(Business Lounge Journal – Event)
Bali sering kali terperangkap dalam narasi “paradise island” yang eksotis di mata dunia. Namun, ada sisi Bali yang jarang terlihat oleh turis: Bali sebagai ruang dialektika yang terus bergerak, bergejolak, dan menolak untuk diam. Inilah yang diangkat oleh Gajah Gallery melalui pameran bertajuk Critically Bali.
Setelah sukses memikat audiens di Singapura, pameran krusial ini akhirnya mendarat di Jakarta. Mulai 7 hingga 29 Maret 2026, Gajah Gallery Jakarta membuka ruang untuk melihat Bali bukan sebagai objek statis, melainkan sebagai lahan subur tempat tradisi diuji, dikritik, dan didekonstruksi.
Melampaui Batas Tradisi
Critically Bali bukanlah pameran seni biasa yang hanya memajang estetika. Pameran ini mengajak kita untuk menelusuri jejak sejarah seni rupa Bali selama hampir satu abad. Dari era kolonial, masa pasca-kemerdekaan, hingga tantangan pariwisata massal saat ini, para seniman yang terlibat dalam pameran ini bertindak sebagai saksi—dan sekaligus kritikus—terhadap perubahan zaman.

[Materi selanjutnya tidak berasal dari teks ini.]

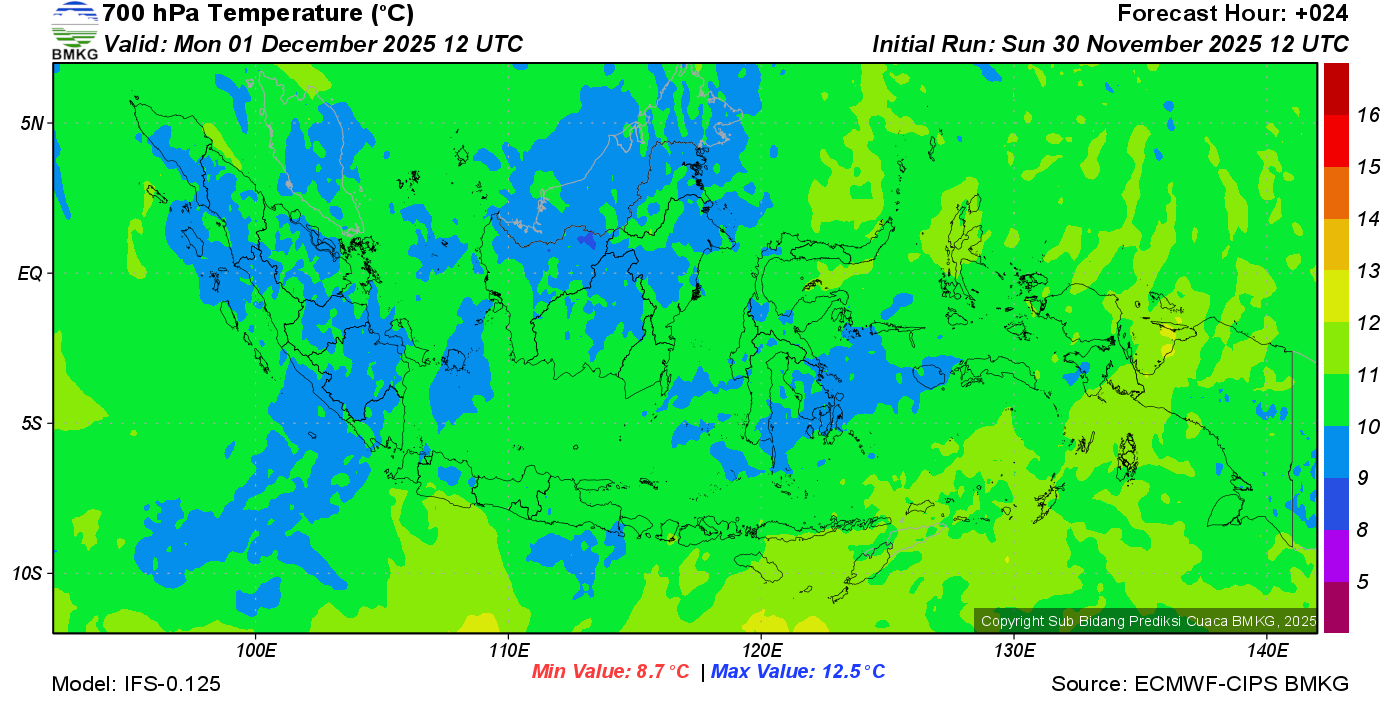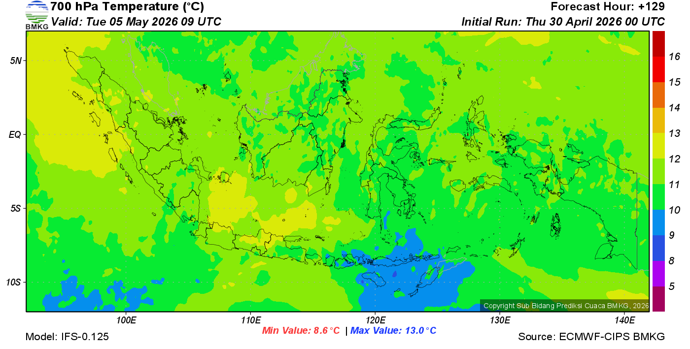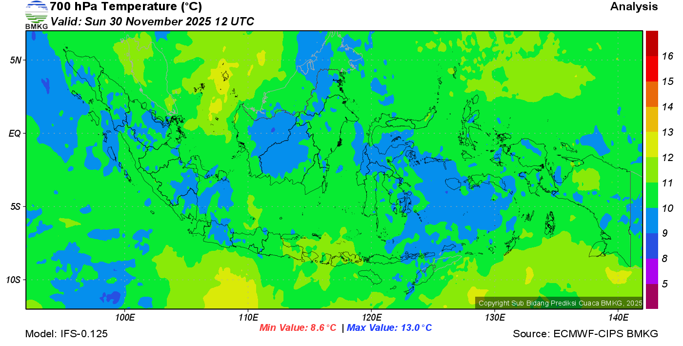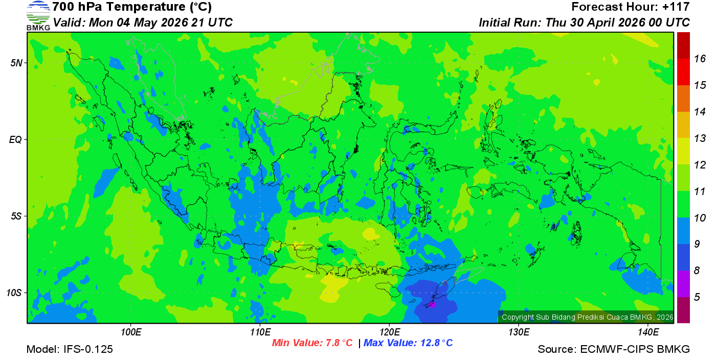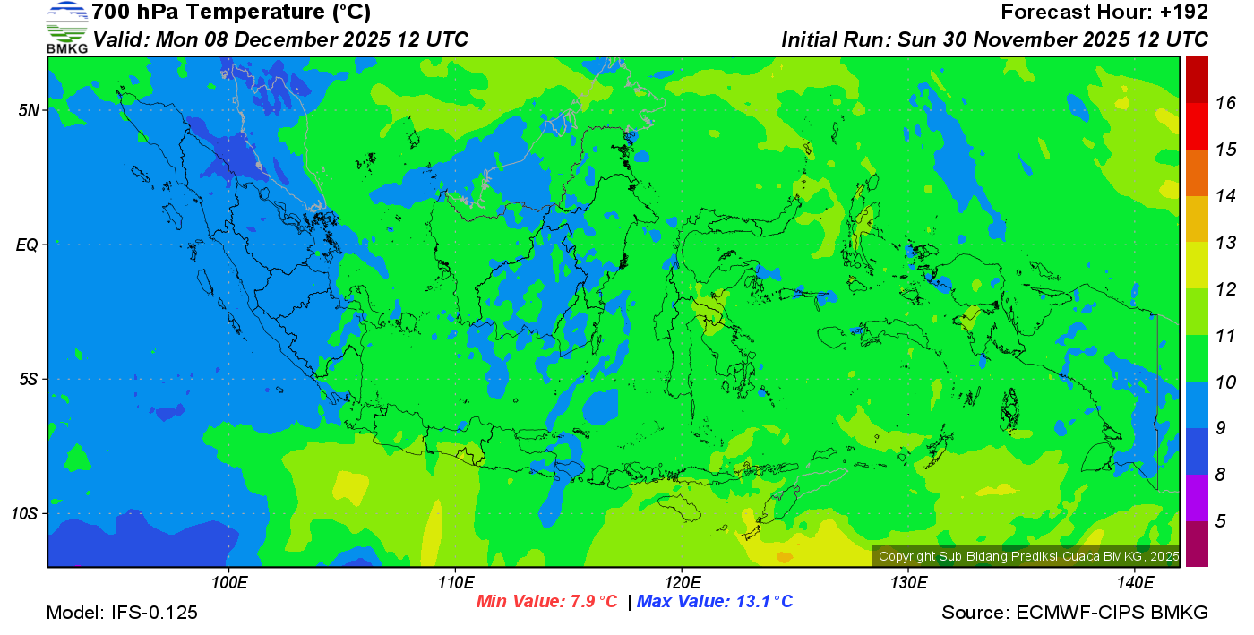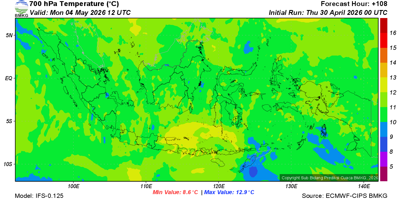 Prediksi Suhu Titik Embun 700 hPa NTT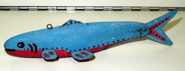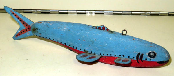 hand made of wood w/weights added to bottom; metal fins; nice look; 7" long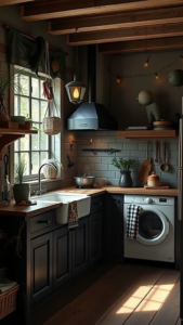 Start with your color scheme. Witchy kitchens often feature rich, dark hues like deep greens, blacks, and purples. You can paint your walls in these colors or choose earth-toned accents. Consider adding: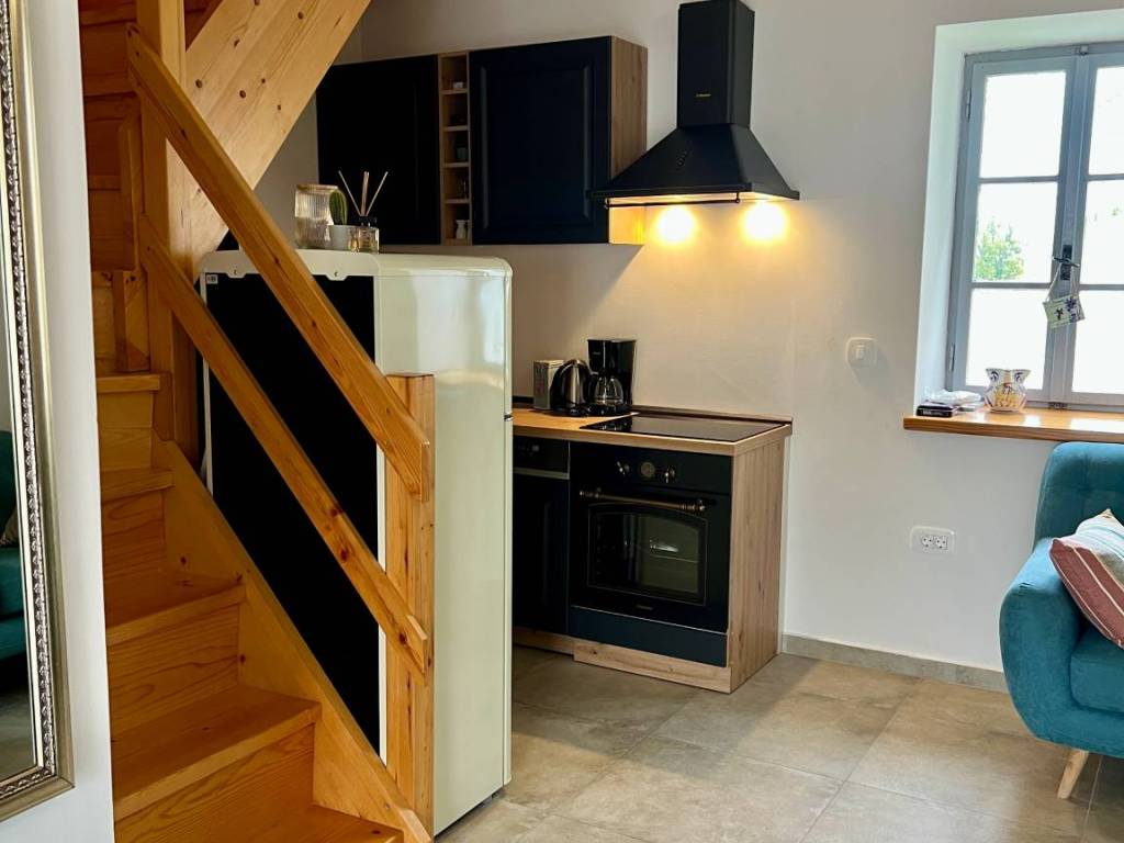 Completely renovated in 2024, the house retains its original stone character while offering all modern amenities: 2 bedrooms and 2 bathrooms, air conditioning, underfloor heating and a heat pump, city water supply, sewage system, and asphalted access road. There are also 2 parking spaces and a remote-controlled gate.

Pameran ini mempertemukan empat belas seniman lintas generasi, menciptakan dialog visual yang intens antara masa lalu dan masa depan.
Siapa Saja yang Terlibat?
Kurasi dalam pameran ini sangat menarik karena menggabungkan maestro legendaris dengan seniman kontemporer yang berani mendobrak pakem:
-
Sang Pionir: Menampilkan karya tokoh kunci seperti I Gusti Nyoman Lempad, I Gusti Nyoman Tjokot, dan Dewa Putu Mokoh. Mereka adalah fondasi yang melepaskan diri dari konvensionalisme lukisan Kamasan klasik menuju bahasa visual Bali Modern yang kita kenal hari ini.
-
Penerus Estetika: Perjalanan seni dilanjutkan melalui karya Made Wianta, I Made Djirna, dan Putu Sutawijaya, yang memperluas cakrawala identitas Bali dalam lingkup nasional dan internasional.
-
Suara Kritik & Perlawanan: Pameran ini menjadi panggung yang jujur bagi I Gusti Ayu Kadek Murniasih dan Satya Cipta. Melalui karya mereka, isu patriarki dan asumsi gender yang sering kali tertutup di balik kata “tradisi” akhirnya dibuka dan didekonstruksi.
-
Perspektif Kontemporer: Sisi paling memikat dari pameran ini adalah bagaimana seni merespons teknologi dan fenomena sosial. Jemana Murti mengeksplorasi pertemuan simbol sakral dengan kecerdasan artifisial (AI), sementara mendiang Ashley Bickerton menyajikan sindiran tajam mengenai eksotisme Bali yang kerap dikomodifikasi oleh pariwisata.
Mengapa Pameran Ini Wajib Dikunjungi?
Critically Bali adalah undangan bagi kita untuk berhenti sejenak dan berpikir ulang tentang apa arti “tradisi.” Di sini, tradisi tidak dianggap sebagai warisan yang harus dibekukan di dalam museum, melainkan sebuah medan pertempuran ide yang dinamis.
Bagi Anda para penikmat seni, kolektor, maupun mereka yang penasaran dengan kedalaman budaya Bali di luar hiruk-pikuk liburan, pameran ini menawarkan perspektif yang tidak akan Anda temukan di kartu pos manapun.
Informasi Pameran:
- Acara: Critically Bali
- Lokasi: Gajah Gallery Jakarta
- Tanggal: 7 – 29 Maret 2026
- Resepsi Pembukaan: 7 Maret 2026, pukul 18.00 WIB
Jangan lewatkan kesempatan untuk melihat bagaimana para seniman ini “membaca” Bali dengan cara yang paling jujur dan menantang.